FIGURE 1.

Effect of DENV-2 infection on Epstein–Barr virus (EBV) reactivation in EBV + Akata cells. (A–E) EBV + Akata cells were mock-infected or infected with DENV-2 at a multiplicity of infection (MOI) of 10. At the indicated hour post-infection (hpi), DENV-2 titers in the culture medium were determined by plaque assay (A). Cell-associated EBV genome copy number was measured by qPCR and normalized to glyceraldehyde 3-phosphate dehydrogenase (GAPDH). DENV-2-infected groups were normalized to mock-infected group (set as 1) at all time points post-infection and plotted as in panel B. At 72 hpi, green fluorescent protein (GFP) level in mock or DENV-2-infected EBV + Akata cells was photographed under a fluorescence microscope (C) or quantified by flow cytometer (D).
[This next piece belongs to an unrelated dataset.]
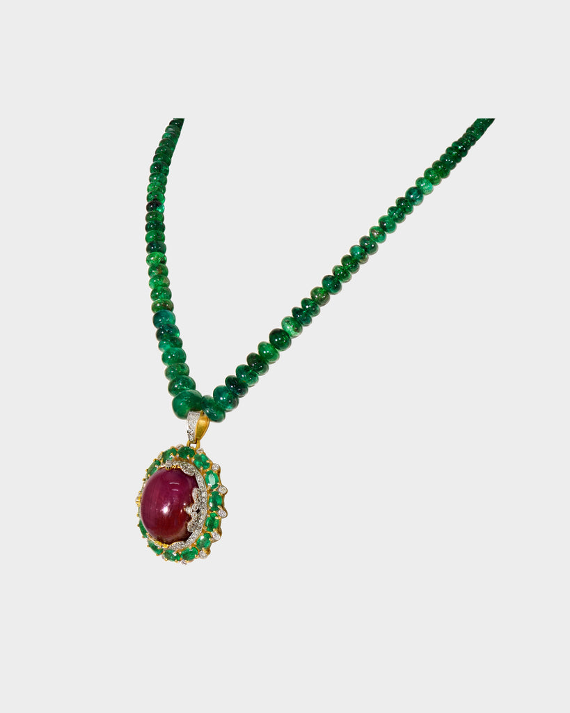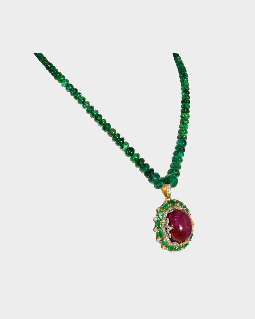 A captivating pendant featuring a ruby cabochon encircled by emerald-cut ovals and diamonds, strung with emerald beads for a bold fusion of colour, brilliance, and timeless luxury. (GDPE0408)

The empty and filled columns on the left half of the chart in panel D represented fluorescein isothiocyanate (FITC) mean value, and the striped columns on the right half represented the percentage of FITC-positive cells. mRNA level of BRLF1, BZLF1, and GFP at the indicated time points post-dengue infection was quantified by RT-qPCR, normalized to 18S rRNA, and plotted (E). p < 0.01 was marked as ** and p < 0.05 was marked as *.